RHS Alum Serves Country and Team
Pat Kiernan was named the MVP of the U.S. Naval Academy's lacrosse team.
Receiving the biggest honor of his college career, former Ridgewood High School standout Pat Kiernan was recently named the MVP of the 2012 men's lacrosse team at the United States Naval Academy.
"I was surprised,” Kiernan said about the award, which was announced at the annual team banquet. “But I am very grateful to have received the award. It means the most to me that my teammates voted on it."
Kiernan, who graduated from Ridgewood High School in 2009, said he cherishes both the recognition and his choice to serve his country.
"In high school I was pretty caught in between wanting to be in the Navy and being able to play (NCAA) Division I lacrosse. So when Navy began to recruit me, it was an easy decision to make to come to (Annapolis).”
Kiernan was about 10 or 11 when he joined the Ridgewood Rec League and was soon at the varsity level, sparkling for RHS. During the 2009 season, he was the Maroons MVP and team captain and was named the North Jersey Defenseman of the Year for boys lacrosse.
"I have a ton of awesome memories of growing up in Ridgewood," Kiernan said. "Being a member of the Ridgewood (High) lacrosse team . . . brought me memories that will stick with me forever . . . The chants we would get going on the buses back home (after) a big win. Sometimes I would walk off the bus crying from laughter."
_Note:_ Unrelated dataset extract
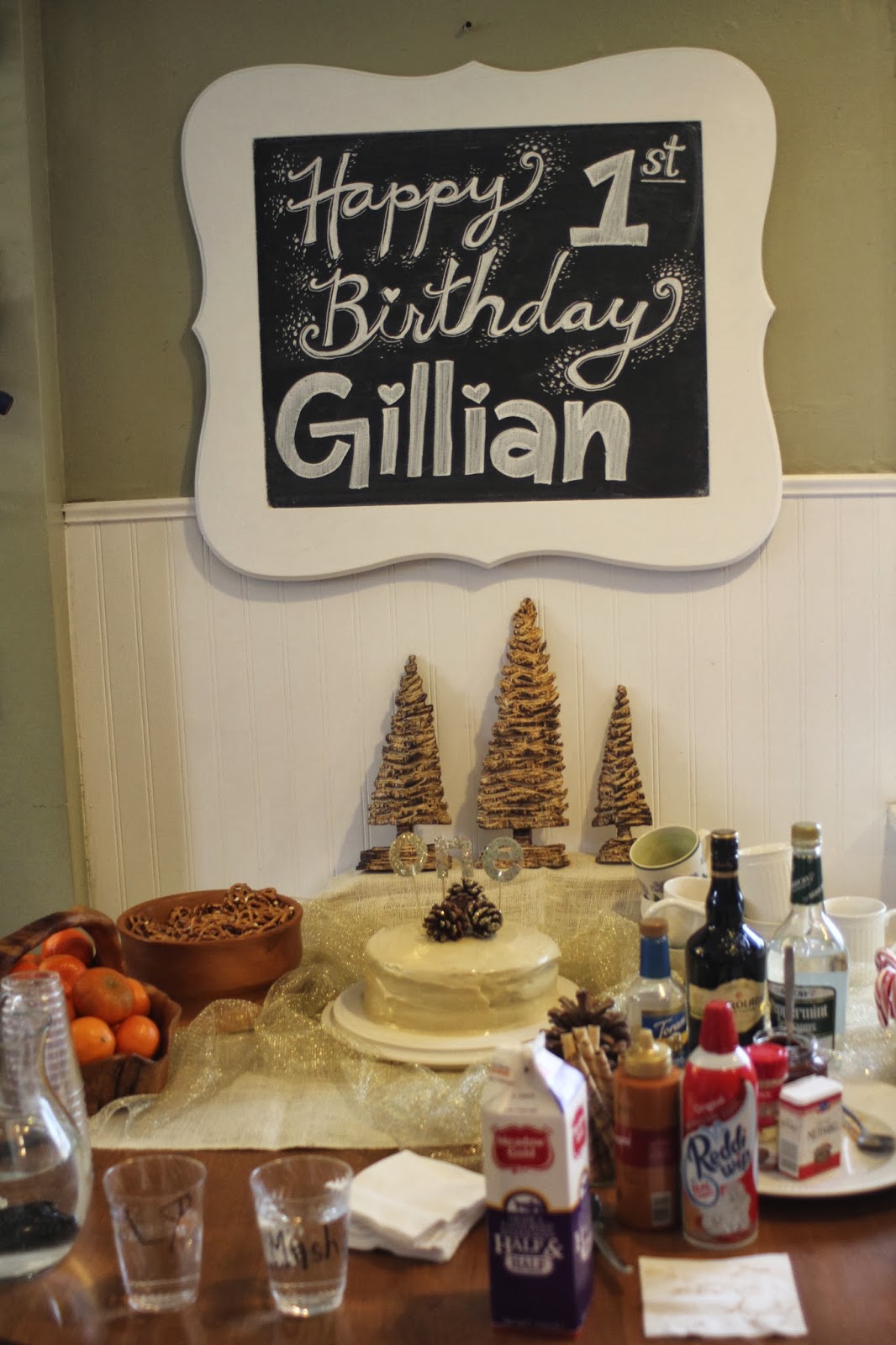 Of course, a party for a one-year-old is primarily for the parents. For Gillian's birthday party, we invited all of our friends and threw a party with a winter theme. With that in mind, everything was rustic and gold. I kept things simple with a boozy hot cocoa bar and s'mores in the back yard.

After a year at the Naval Academy Prep School in Rhode Island, Kiernan relocated to Annapolis and quickly proved an alert, versatile midfielder/defender.
As a long pole, the second-year economics major was a 2012 team leader in turnovers caused and in grabbing ground balls. He finished his sophomore season as the second-leading scoring defender in the country with seven goals and three assists.
Kiernan, who attends Our Lady of Mount Carmel Church in Ridgewood, also appreciates the steady support provided by his parents, Stacey and Peter.
"When I call home or my parents come to visit, my father will bring up lacrosse rarely and when he does, it will be after everything else is covered; whether it is performance in school, in the hall or anything else," he said. "I think he consciously does this, in a way, to show me that there are many other important things in my life outside of lacrosse. He calms me down and sets me straight, in such a way that only he could pull off and I appreciate it greatly."
"When you want to succeed as bad as you want to breathe," Kiernan says, recalling a favorite quote. "Then you will be successful."